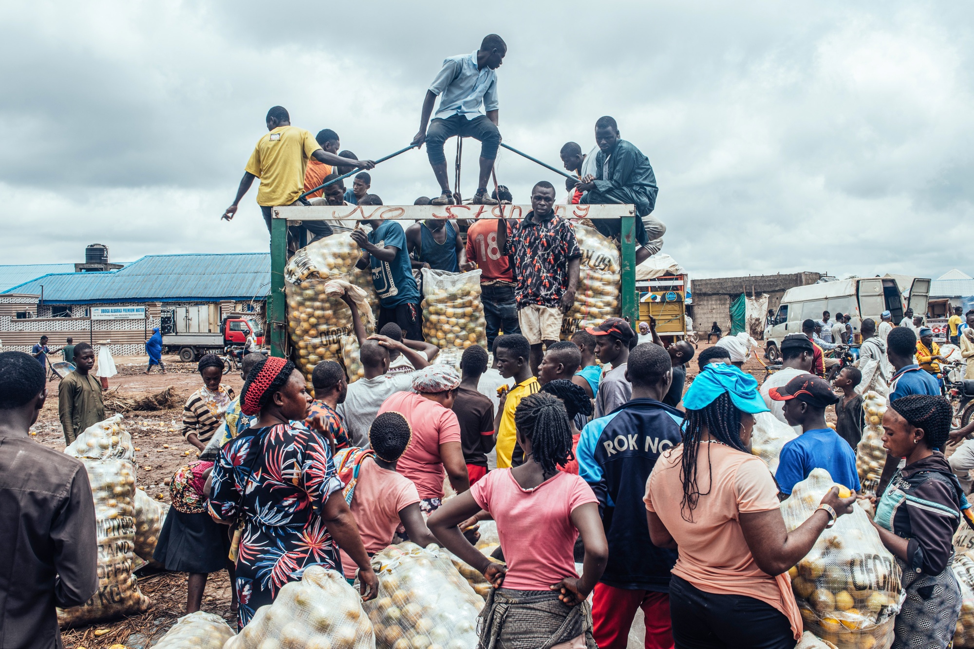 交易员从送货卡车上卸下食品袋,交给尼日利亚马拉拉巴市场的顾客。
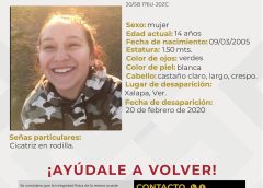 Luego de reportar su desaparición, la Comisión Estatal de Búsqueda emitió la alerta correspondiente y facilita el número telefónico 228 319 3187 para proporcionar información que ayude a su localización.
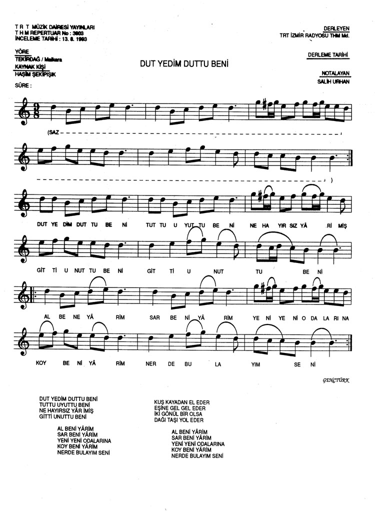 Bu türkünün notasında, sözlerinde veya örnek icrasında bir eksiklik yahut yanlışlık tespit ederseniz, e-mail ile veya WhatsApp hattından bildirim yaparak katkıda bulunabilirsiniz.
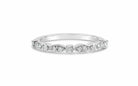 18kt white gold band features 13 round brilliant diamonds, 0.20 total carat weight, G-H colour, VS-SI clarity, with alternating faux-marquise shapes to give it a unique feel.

**Description of the task:** Print the material above exactly as it appears, but not its pictures.

**Answer:**
 交易员从送货卡车上卸下食品袋,交给尼日利亚马拉拉巴市场的顾客。
 Luego de reportar su desaparición, la Comisión Estatal de Búsqueda emitió la alerta correspondiente y facilita el número telefónico 228 319 3187 para proporcionar información que ayude a su localización.
 Bu türkünün notasında, sözlerinde veya örnek icrasında bir eksiklik yahut yanlışlık tespit ederseniz, e-mail ile veya WhatsApp hattından bildirim yaparak katkıda bulunabilirsiniz.
 18kt white gold band features 13 round brilliant diamonds, 0.20 total carat weight, G-H colour, VS-SI clarity, with alternating faux-marquise shapes to give it a unique feel.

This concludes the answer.